Upgrade when you get a chance, especially if you're using something like ZFS RAID10 on multiple sockets. The NUMA load balancer helps a lot there, just hits this bug. With the latest kernel it can stay enabled and it's much more efficient too. I had 100% IO utilization to 40%.
 
I've been struggling with the same issues after upgraded to 8.4.1. I originally thought it was my HP P440 storage controller but turns out it was a combination of CPU and SCSI Controller emulation. The setup ran fine for several months, then I decided to be a good admin and install the most recent updates.
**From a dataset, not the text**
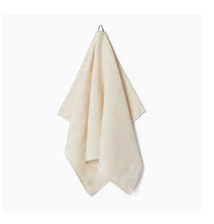
PLAIN Archive Melange Available sizes: 50x80 cm

After reading everything here and other posts, I've spent about 4 X 10 hour days trying different combinations of CPU, Machine and SCSI Controller combinations to find the ones above. I have even reloaded the physical host with Windows server to confirm the storage controller and other components were functioning normally. While I had Windows loaded, I updated the BIOS and firmware as an extra measure.

The settings that worked for me are:
  1. Memory Ballooning = Off
  2. Processors = Host (tried lots but this performs best with current version)
  3. Display = VirtIO-GPU
  4. Machine = pc-i440fx-9.0
  5. SCSI Controller = VMware PVSCSI
  6. Hard Disk = Cache (Default No cache), Discard = On, SSD Emulation = On
  7. Network Device = virtio
  8. KSMtuned = disabled
More about my setup:
  1. HP Proliant DL360 G9 with 24 x Intel Xeon CPU E5-2620 v3 @ 2.40 GHz 2 sockets
  2. Windows 2019 Standard VM's converted from Hyper-V.
  3. 3 Node cluster, all different CPU's so live migration is my sacrifice at this point since I'm use Host CPU Emulation
I Hope this helps some.